The Week in Review

By Tiffany Trader

February 25, 2010

Here is a collection of highlights from this week’s news stream as reported by HPCwire.

IBM Researchers Develop Advanced Method to Analyze the Quality of Data

SDSC Asks What’s Next for High-Performance Computing?

NNSA Dedicates National Security Computing Center at Sandia Labs

IBM Tops in Server Market in 4Q and Full Year 2009

Saab Chooses Gompute HPC Cloud Platform

Researchers, US Companies Invited to Apply for Time on Blue Waters

Cray Sweeps Three DoD HPC Modernization Program Awards

Saudi EXPEC Computer Center Deploys Supercomputer

SGI Buys Assets of COPAN Systems

2010 DOE INCITE Projects Allocated at ORNL

Purdue Awarded $25M for State’s First NSF Science and Technology Center

Clemson University Receives $4M for Cyber-Institute Center of Economic Excellence

Paradigm Introduces Academic Software Program for Universities Worldwide

PRACE to Establish a Scientific Steering Committee

UPC-Barcelona Tech Leads a European Project to Design Memory for Future Computers

FilmLight Wins Four Academy Awards Using Supermicro Technology

Paremus, RTI to Deliver Next-Generation Enterprise Cloud Platform

Convey’s Hybrid-Core Computers Accelerate Life Sciences Apps

Nuclear Reactor Simulated on a Supercomputer

A New York Times article this week reports on the development of a new kind of nuclear reactor that uses depleted uranium for fuel, posing a much lower risk than traditional nuclear reactors. The so-called traveling wave nuclear reactor is emerging as a potential game-changer according to top science and energy officials.

The article explains the design:

This reactor (pdf) works something like a cigarette. A chain reaction is launched in one end of a closed cylinder of spent uranium fuel, creating a slow-moving “deflagration,” a wave of nuclear fission reactions that keeps breeding neutrons as it makes way through the container, keeping the self-sustaining reaction going.

Usually, these types of projects are publicly-funded, but, in this case, a private research firm, TerraPower LLC, is running the show. And although this is a private venture, the team gets support from MIT, DOE’s Argonne National Laboratory and other scientific centers.

According to the head of TerraPower, former Bechtel Corp. physicist John Gilleland, the reactor, once ignited, could continue to react for 100 years.

“We believe we’ve developed a new type of nuclear reactor that can represent a nearly infinite supply of low-cost energy, carbon-free energy for the world,” Gilleland said.

The project relies on supercomputing resources to simulate and verify the traveling wave concept. The supercomputers are also engaged in finding alloys for the reactor cylinders that can withstand the heavy damage caused by neutron impacts.

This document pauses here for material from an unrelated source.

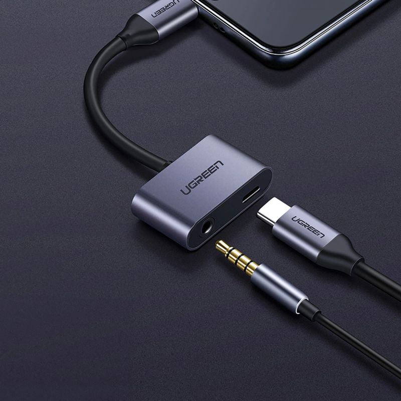 - It is compatible with phones, tablets and laptops that have a USB-C connector . The Ugreen CM193 adapter extends the USB-C connector to a 3.5mm mini jack audio port and a USB-C charging port.

The story is replete with lots of “ifs” and “whens” and acknowledges that no one has actually created a working deflagration wave. However, the Massachusetts Institute of Technology’s Technology Review magazine selected the traveling wave reactor last year as one of 10 emerging technologies with the highest potential impact.

Gilleland said that we may see a commercial version of the reactor in 15 years, pending a working physical prototype.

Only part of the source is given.